Sergeant John Meikle was posthumously awarded the Victoria Cross in July 1918 in recognition of his bravery during bitter fighting in France during the First World War.
The 19-year-old was one of just 628 people to be awarded the medal during the conflict..
A Victoria Cross commemorative paving stone recognising his heroism and sacrifice was unveiled on Friday by Provost Alan Brown at the town’s Barleybank close to John’s birthplace of Freeland Place, at a special ceremony.

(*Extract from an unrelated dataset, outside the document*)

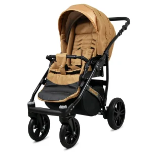 This stroller is designed with both style and function in mind. Made from premium Polish Gold fabrics, it ensures protection against water and fading while maintaining optimal temperature and air circulation for your child.

It was attended by members of Sergeant Meikle’s family, Councillors, the Deputy Lieutenant of Dunbartonshire, the 4th Scots Battalion and local people
Boys’ Brigade Pipe Bands from 1st Lenzie company and 1st Chryston company also played on the day.
Provost Brown said: “It is only right Sgt Meikle’s selfless sacrifice is recognised in his home town and this memorial will ensure his name and incredible actions will live on.

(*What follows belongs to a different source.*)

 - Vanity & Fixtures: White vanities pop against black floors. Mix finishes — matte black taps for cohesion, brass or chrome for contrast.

“Despite his links to Kirkintilloch, this is the first memorial to him in the town and I am delighted that we were joined by members of his family as we paid tribute to him exactly 100 years after his death.”
More than 30 of Sergeant Meikle’s relatives, including his nephews John Meikle (75), Alan Meikle (68), James Salkeld (75) and John Salkeld (69), attended the ceremony.
John, named after his uncle, travelled through from Middlesbrough and said: “My uncle John has always been my personal hero. Although we never met, he has been with me every day of my life. His sacrifice at the age of 19, is some gift indeed, and we must never forget what he and so many others like him have given to us.”
The ceremony was presided over by the Depute Lieutenant of Dunbartonshire, Reverend Mark Johnstone of nearby St Mary’s Church.
John Meikle enlisted in February 1915, aged just 16, and was drafted into the 4th Battalion of the Seaforth Highlanders. He had already received the Military Medal for bravery and leadership near Langmarch before returning to France and earning a promotion to sergeant.
Tragedy struck just months before the end of the war during the second Battle of the Marne. On 20 July 1918, Sgt Meikle was in the Ardre valley when he single-handedly rushed a machinegun nest which had held up his men
Later, when held up by another machinegun nest and with most of his platoon casualties, he seized a rifle and bayonet from a fallen comrade and rushed forward regardless of his own safety.
Sadly, Sgt Meikle was killed when almost in the gun position but his brave action allowed two other men behind him to put gun out of action.
An exhibition, honouring Sgt Meikle is currently on display in the lobby of William Patrick Library.